Fabrikaları, üretim araçlarını ve üretim alanlarını satarak insanları işsizliğe, yoksulluğa mahkûm ettiler.

Sadaka ekonomisi kurdular.

Her yeri, her şeyi özelleştirdiler. Sattılar, savdılar. Ülkede yeni bir siyasal İslamcı yandaş grubunun filizlenmesini, yeşermesini, büyümesini sağladılar.

Deprem toplanma alanlarını bile AVM’lere verdiler.

Her yanı imam hatiplerle, tarikatlarla, cemaatlerle doldurdular.

Milli değerleri gözden düşürmek, onu basit bir konu, bir olgu niteliğine büründürmek için ellerinden geleni yaptılar…

Hedef, Cumhuriyet rejiminin, Atatürk ilkelerinin, Atatürk’ün kişiliğine verilen önemin, değerin, Atatürk’e duyulan sevginin azar azar, yok edilmesi, şeriatçı düzene kavgasız – dövüşsüz geçilmesiydi…

Günümüze gelinceye dek laiklik, Türk, Türklük, milliyetçilik, Cumhuriyet, Atatürk gibi sözcükleri ağızlarına almadılar.

Çünkü şeriat devletinde bu kavramların yeri yoktu. Orada “millet, milliyet, vatan, halk” sözcükleri kullanılamazdı. Peki, ne vardı? “Ümmet, taba, kul, tarikat, cemaat, şeyh, molla…

Şeriata, İslam Cumhuriyetine giden yolda şimdi yeni bir uygulamaya geçtiler:

“Türkiye’yi, ülkemizi Araplaştırmak…”

Bir zamanlar, AKP yetkilileri, suça bulaşmadıkları takdirde, Mısır’daki “Müslüman Kardeşler” örgütünün üyelerini bile ülkemize kabul edeceklerini de söylemişlerdi.

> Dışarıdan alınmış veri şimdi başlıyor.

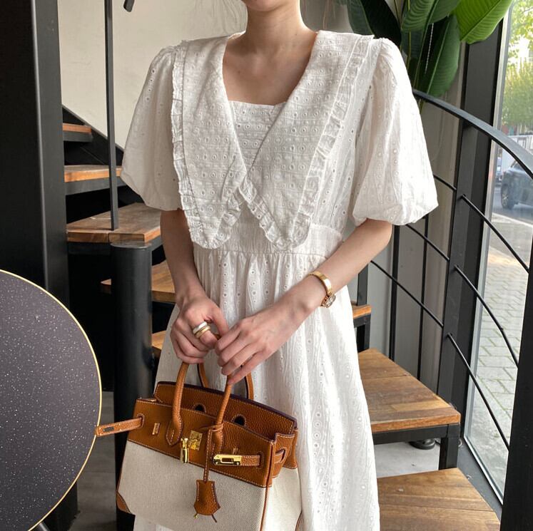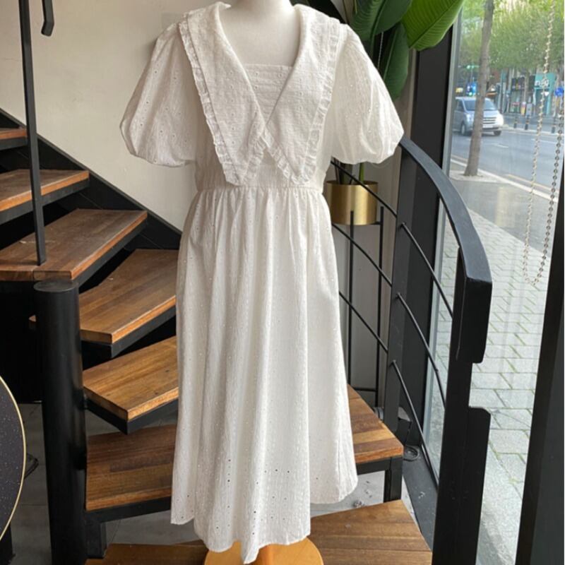 サマースタンダードスリーブロングウェスト薄手レースドレス レディース レトロ 夏物 韓国婦人71022335292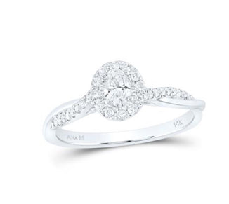 14K WHITE GOLD OVAL DIAMOND HALO BRIDAL ENGAGEMENT RING 1/2 CTTW (CERTIFIED)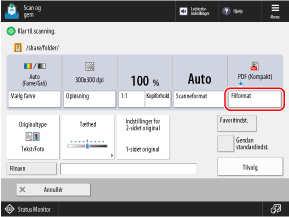 Tryk på knappen til indstilling af filformat på scanningsskærmen.

“Mültecilere yardım, destek, arka çıkma” görüntüsü altında vatanımızı Suriyeli, Afgan, Iraklı vb. ülkelerden gelen Müslümanlarla doldurdular. Doldurmaya devam ediyorlar…

Sayıştay’a göre, Aile Çalışma ve Sosyal Hizmetler Bakanlığı, engelli olmadığı halde her ay 62 bin kişiye engelli bakım aylığı, veri sisteminde kaydı olmayan 138 bin kişiye de engelli aylığı bağlamış…

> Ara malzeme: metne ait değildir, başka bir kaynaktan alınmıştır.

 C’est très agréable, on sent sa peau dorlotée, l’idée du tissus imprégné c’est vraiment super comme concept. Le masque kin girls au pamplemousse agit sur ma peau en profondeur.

Bunların “Sadat” adlı örgüte bağlı militanlar, HÖH, Osmanlı Ocak’ları, Mili Beka diye adlandırılan örgütlere bağlı olduğu iddia edilmektedir…

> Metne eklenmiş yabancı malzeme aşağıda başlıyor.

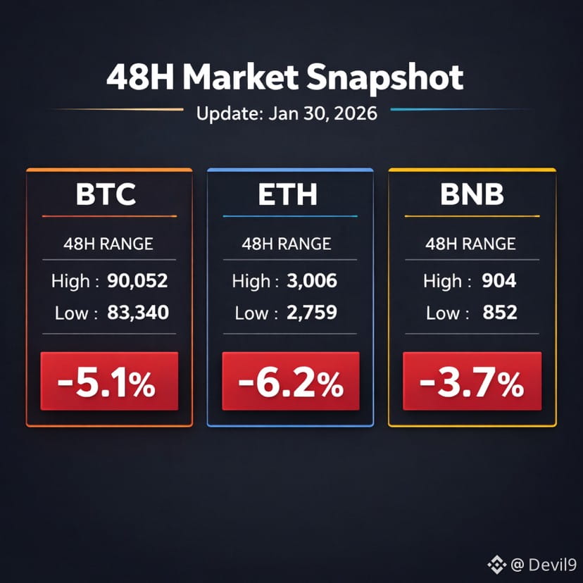 Over the last 48 hours (Jan 29–30, 2026), the clean “one-direction” vibe cracked: BTC is down about ~5% on the day, ETH ~6%, and BNB roughly ~4% with wide intraday ranges.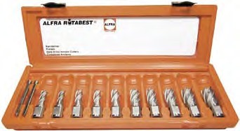 10-er Set Kernbohrer: mit je ? 2 x 14.0 - 1 x 16.0 - 2 x 18.0 - 1 x 20.0 - 2 x 22.0 - 1 x 24.0 - 1 x 26.0 mm in stabiler Kassette incl. 2 Auswerfersti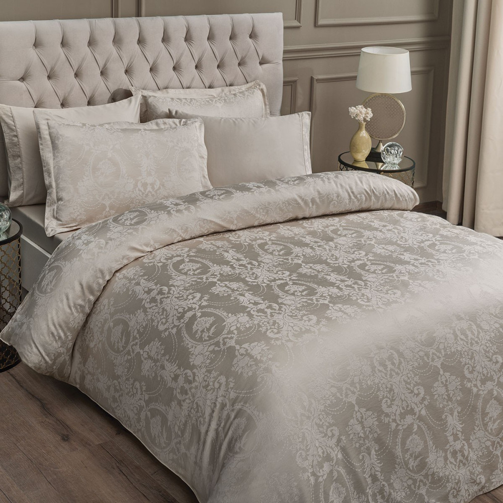Элитное жаккардовое постельное белье Tivolyo Grant турецкой марки Tivolyo Home очаровывает своей нежностью, блеском и изысканностью жаккардовой отделки. Праздничное, подходящее для торжественных случаев, сшитое по эксклюзивным дизайнам - это постельное белье из самого сердца Турции подчеркнет Ваш тонкий вкус и идеально подходит в качестве подарка для себя или близких! Пододеяльник в комплекте застегивается на пуговицах. Простынь - классическая без резинки. Наволочки имеют клапан для запахивания. Tivolyo Home является премиальным турецким брендом широко известным на европейском рынке. Вся продукция выполнена под тщательным контролем специаПростирадлоов, только из высококачественных материалов при учете всех современных тенденций в мире моды. Коллекция Jacquard весьма любима нашими покупателями. Постельное белье из жаккарда любят за его роскошный и благородный вид.

Ülkemize yerleşen mülteci kadınlarının tümü de çarşaflı. Başörtülü. Öcü gibi kapkara giysiler içinde. Sadece gözleri görünüyor…

Bunlar eğitimsiz, cahil. Dünyaya sadece din penceresinden bakan insanlar…

Bir taraftan da kediler, köpekler gibi çoğalıyorlar… Bazı bölgelerimizde Türklerden daha fazla oldular. Bu olguyu yetkililer keyifle izliyorlar. Yardımlarını artırıyorlar.

Amaç yurdumuzu İslamlaştırmak, Araplaştırmak, cahilleştirmek, kolayca yönlendirilebilecek, güdülebilecek bir toplum haline getirmek…  Bir “Yeşil kuşak” oluşturarak Ortadoğu’ya hâkim olmak…

Daha da önemlisi, asıl hedef, Türkiye’nin demografik (Nüfus coğrafyası veya nüfus durumu) ve kültürel yapısını değiştirmek…

Atatürk Cumhuriyetinin ve dil devriminin kökünü kazımak…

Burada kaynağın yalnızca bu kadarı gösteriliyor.